- _Problem_:
Down to the last line below, write out every line exactly, starting with the one that contains "여러분은 오늘 하루, 진정한" and leaving out the pictures.

══ Given entries

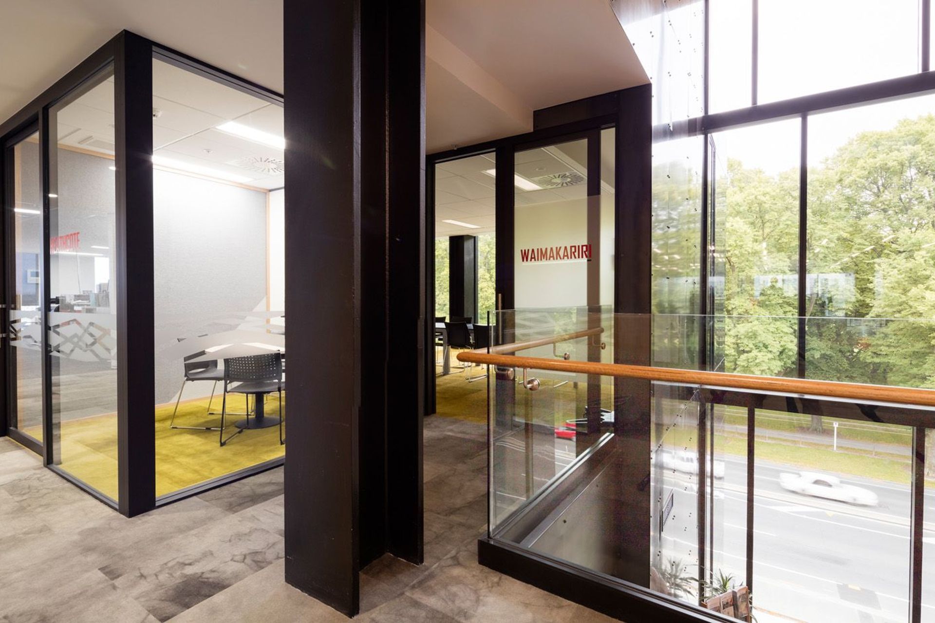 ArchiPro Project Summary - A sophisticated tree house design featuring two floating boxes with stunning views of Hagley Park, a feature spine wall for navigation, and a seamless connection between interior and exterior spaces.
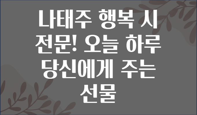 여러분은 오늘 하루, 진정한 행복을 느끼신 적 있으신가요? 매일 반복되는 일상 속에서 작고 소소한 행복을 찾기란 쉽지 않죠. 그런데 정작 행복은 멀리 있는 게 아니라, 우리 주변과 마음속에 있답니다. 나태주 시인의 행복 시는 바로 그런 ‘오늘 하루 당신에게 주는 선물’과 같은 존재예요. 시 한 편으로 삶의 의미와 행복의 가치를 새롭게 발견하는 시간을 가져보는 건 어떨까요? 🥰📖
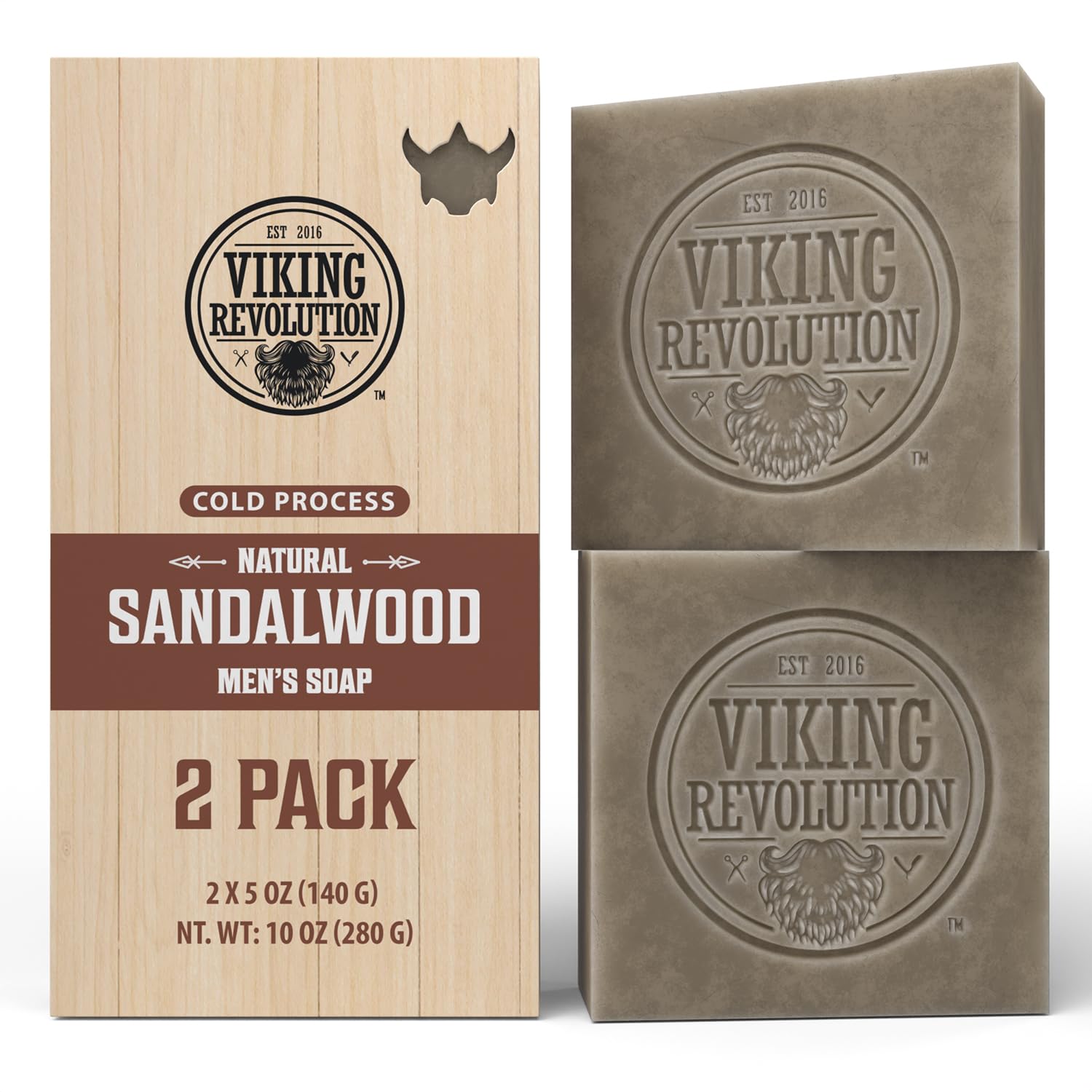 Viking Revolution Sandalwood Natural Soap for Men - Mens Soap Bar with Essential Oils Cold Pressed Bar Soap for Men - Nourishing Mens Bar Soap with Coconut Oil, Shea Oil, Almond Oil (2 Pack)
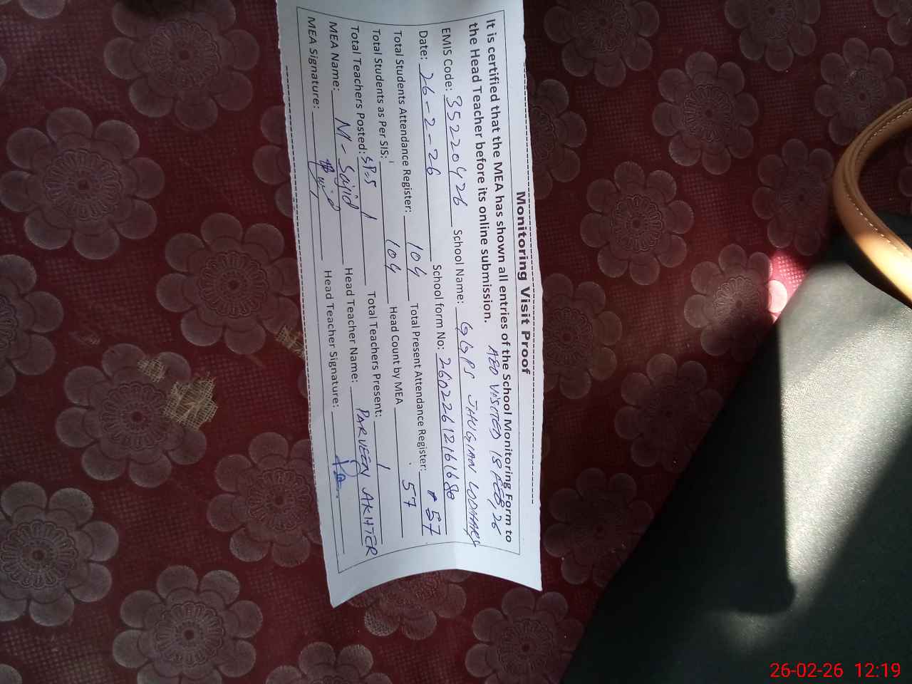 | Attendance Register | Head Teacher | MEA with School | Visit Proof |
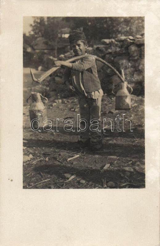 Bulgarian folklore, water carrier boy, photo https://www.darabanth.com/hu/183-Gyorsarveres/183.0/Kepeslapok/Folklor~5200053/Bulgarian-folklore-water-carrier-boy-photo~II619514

════

- _Response box_:
 여러분은 오늘 하루, 진정한 행복을 느끼신 적 있으신가요? 매일 반복되는 일상 속에서 작고 소소한 행복을 찾기란 쉽지 않죠. 그런데 정작 행복은 멀리 있는 게 아니라, 우리 주변과 마음속에 있답니다. 나태주 시인의 행복 시는 바로 그런 ‘오늘 하루 당신에게 주는 선물’과 같은 존재예요. 시 한 편으로 삶의 의미와 행복의 가치를 새롭게 발견하는 시간을 가져보는 건 어떨까요? 🥰📖
 Viking Revolution Sandalwood Natural Soap for Men - Mens Soap Bar with Essential Oils Cold Pressed Bar Soap for Men - Nourishing Mens Bar Soap with Coconut Oil, Shea Oil, Almond Oil (2 Pack)
 | Attendance Register | Head Teacher | MEA with School | Visit Proof |
 Bulgarian folklore, water carrier boy, photo https://www.darabanth.com/hu/183-Gyorsarveres/183.0/Kepeslapok/Folklor~5200053/Bulgarian-folklore-water-carrier-boy-photo~II619514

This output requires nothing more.